Provided data: Begin
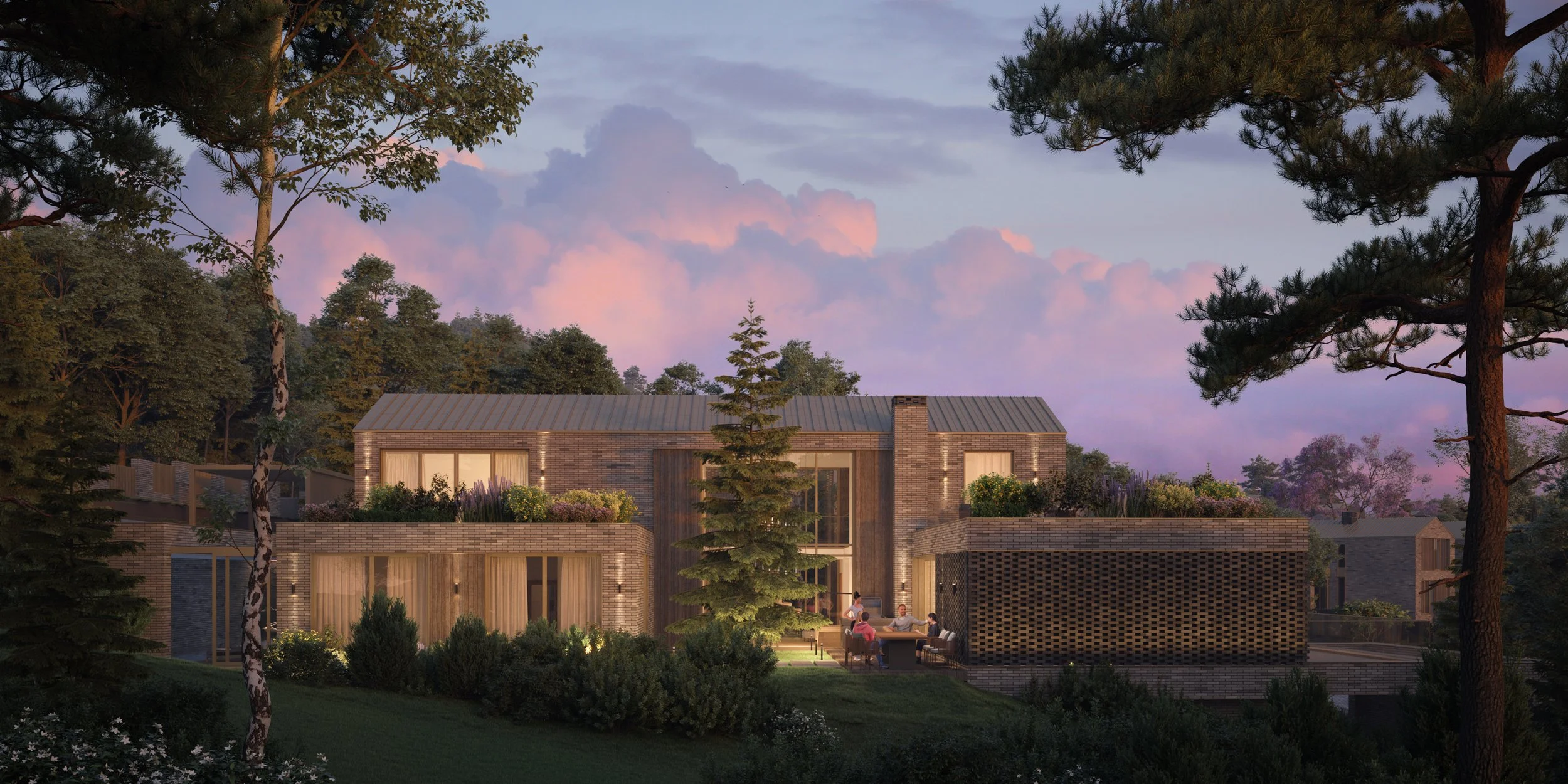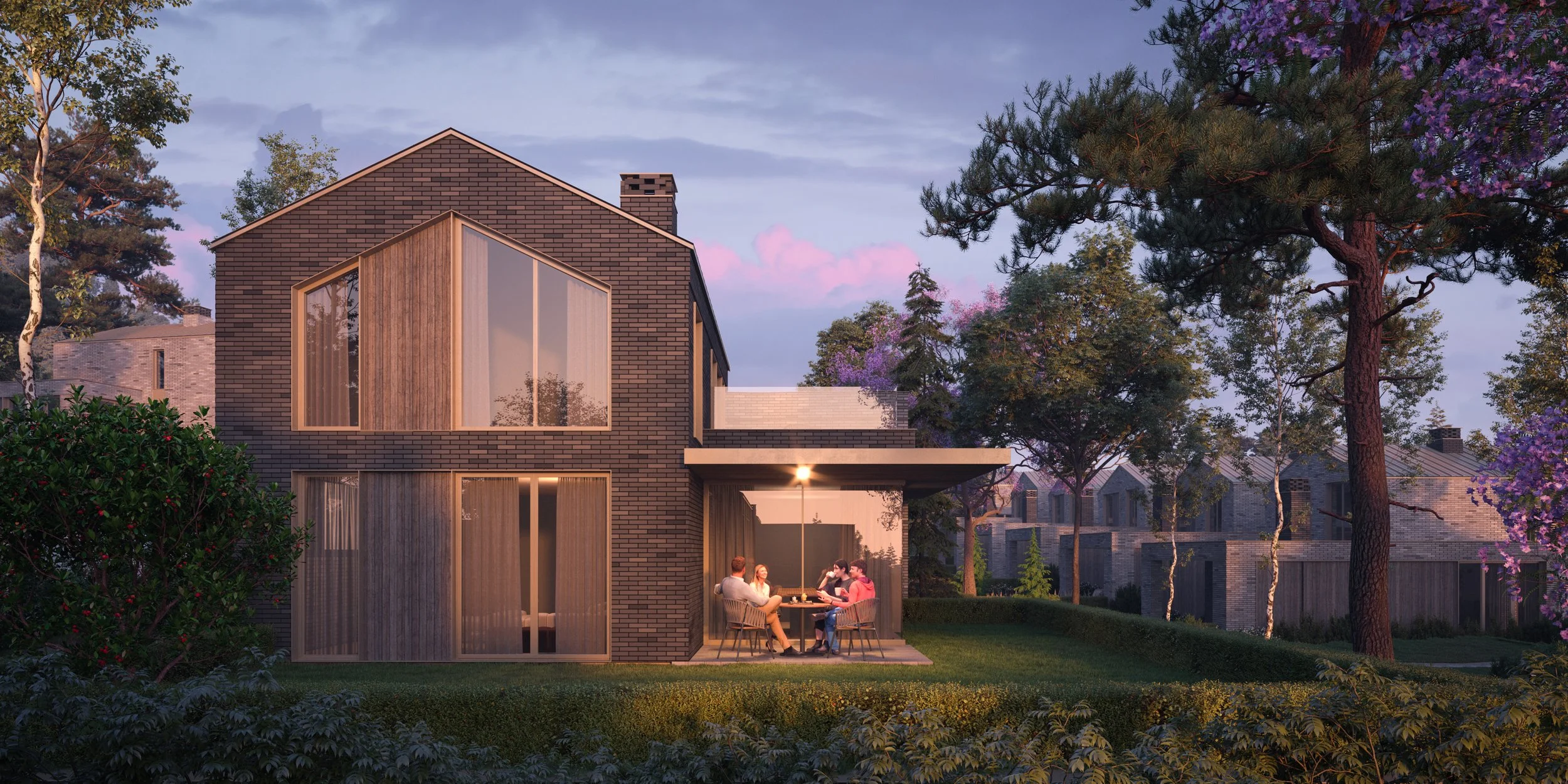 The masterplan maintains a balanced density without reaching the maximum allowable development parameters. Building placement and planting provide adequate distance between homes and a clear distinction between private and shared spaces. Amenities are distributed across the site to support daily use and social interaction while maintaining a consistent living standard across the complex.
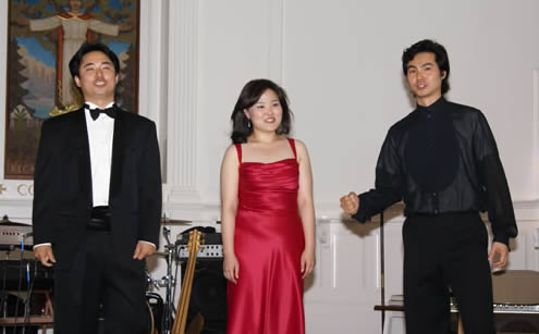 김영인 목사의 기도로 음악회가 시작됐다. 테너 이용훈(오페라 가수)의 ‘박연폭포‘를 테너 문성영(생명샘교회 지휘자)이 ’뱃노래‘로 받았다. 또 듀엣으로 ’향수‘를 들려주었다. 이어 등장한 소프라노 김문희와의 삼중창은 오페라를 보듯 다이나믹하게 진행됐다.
Provided data: End
Provided data: Begin
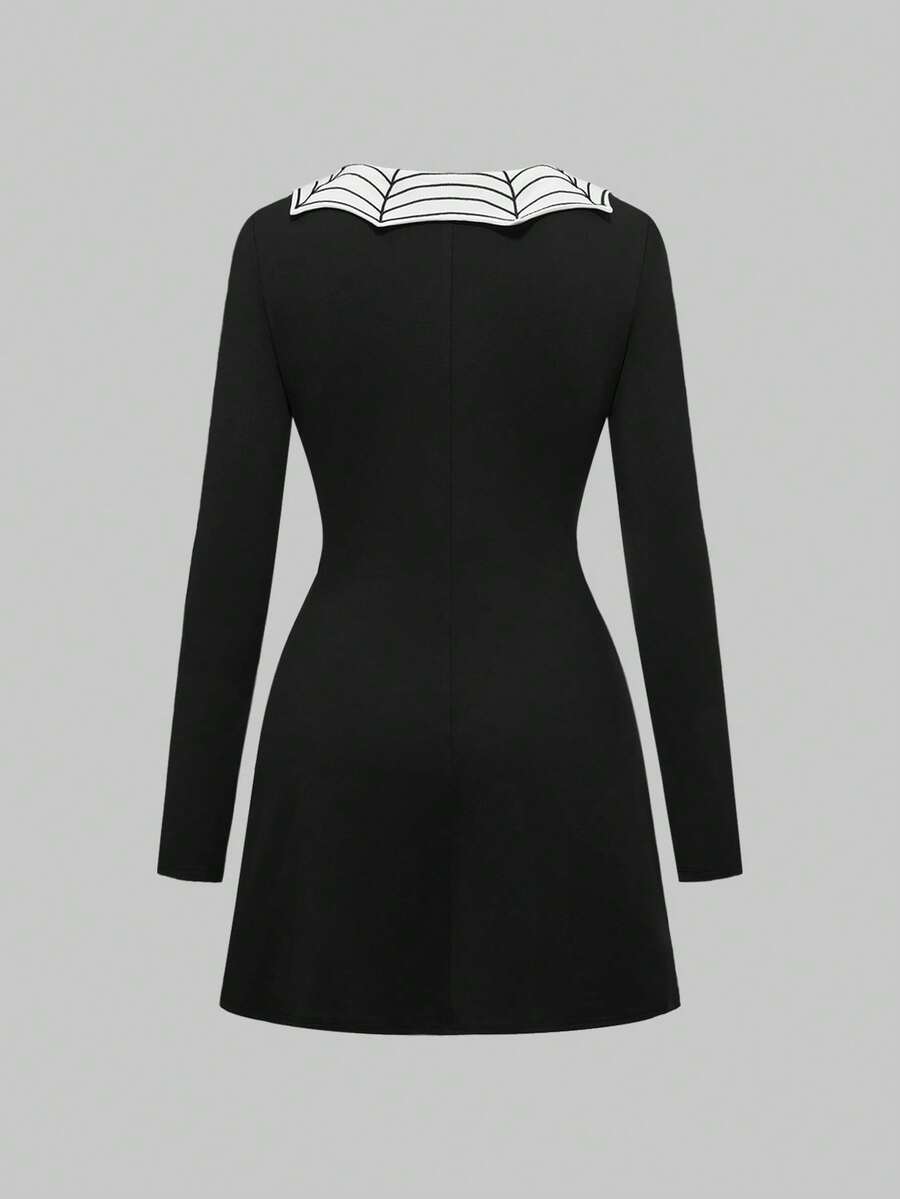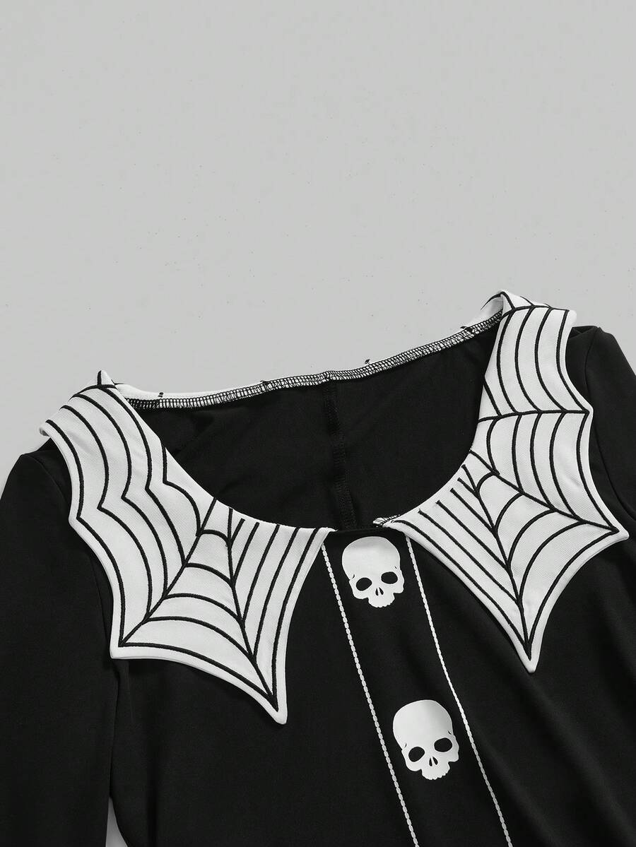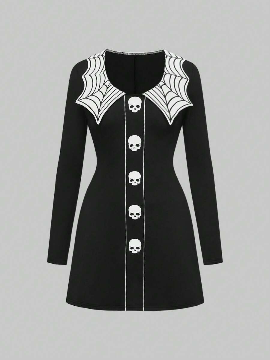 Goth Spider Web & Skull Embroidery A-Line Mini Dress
Provided data: End
Work to be completed:
Only one stretch of the data is wanted: write out exactly the lines from the one holding "The masterplan maintains" through the one holding "김영인 목사의 기도로", both included, without the pictures.

Task response:
 The masterplan maintains a balanced density without reaching the maximum allowable development parameters. Building placement and planting provide adequate distance between homes and a clear distinction between private and shared spaces. Amenities are distributed across the site to support daily use and social interaction while maintaining a consistent living standard across the complex.
 김영인 목사의 기도로 음악회가 시작됐다. 테너 이용훈(오페라 가수)의 ‘박연폭포‘를 테너 문성영(생명샘교회 지휘자)이 ’뱃노래‘로 받았다. 또 듀엣으로 ’향수‘를 들려주었다. 이어 등장한 소프라노 김문희와의 삼중창은 오페라를 보듯 다이나믹하게 진행됐다.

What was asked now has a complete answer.